Fá-lo através de irrepreensíveis apresentações no estrangeiro, e de muito boas atuações no país. Erra, como todos os grandes árbitros. Lembro-me de Sergio Gonella, o italiano que dirigiu a final do Mundial de 1978, entre a Argentina e a Holanda. Ou de Romualdo Arppi Filho, na Cidade do México, em 1986. Ou ainda, sem ser na final, mas num jogo decisivo, de Roberto Rosetti, o italiano que hoje preside à Comissão de Arbitragem da UEFA, no Mundial de 2010, na África do Sul. Algo comum? Todos cometeram erros, todos reagiram, todos souberam ter a capacidade de arbitrar no dia seguinte, ainda melhor do que faziam antes.

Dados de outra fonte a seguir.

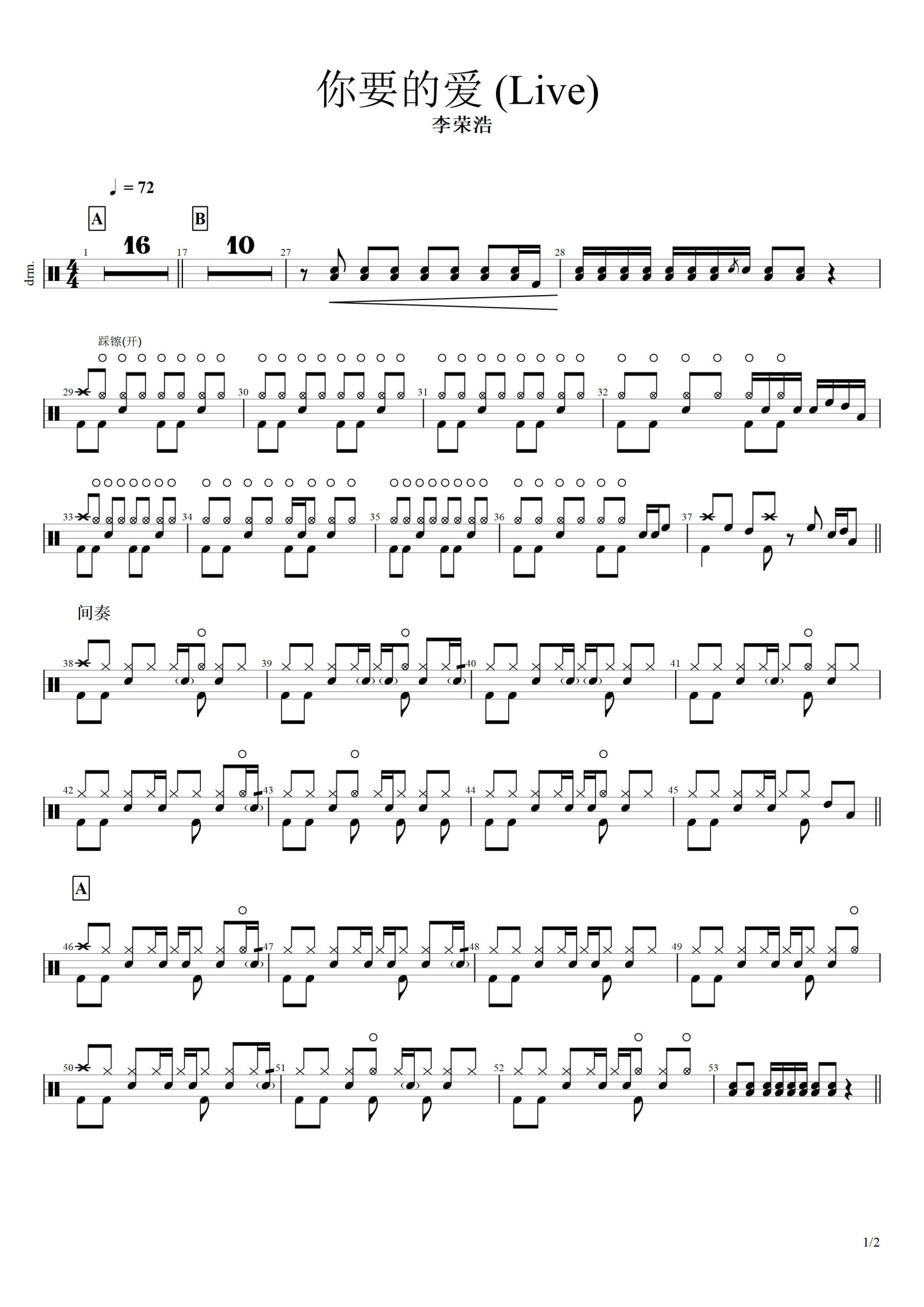 • 你要的爱鼓谱 - 李荣浩 - 架子鼓谱第1张

Pinheiro é desses: forte psicologicamente, excelente física e tecnicamente, e magnífico a aplicar a 18.ª Lei do Futebol, a tal que, não estando escrita, é essencial na compreensão e na passagem à prática, perante túneis, bocas, ameaças, encontrões, beliscões e palavrões: a lei do bom senso, apenas ao alcance de quem, verdadeiramente, ama o que faz e compreende perfeitamente todo o ecossistema de interesses cruzados que enquadra uma partida ou uma competição de futebol.

Caráter, esforço, dedicação, resiliência e uma extraordinária capacidade de reação às adversidades: é aqui que o João e a Mariana são exatamente iguais. Pinheiro e Machado também partilham a genética minhota de antes quebrar que torcer. Um hino às origens e um desafio aos destinos.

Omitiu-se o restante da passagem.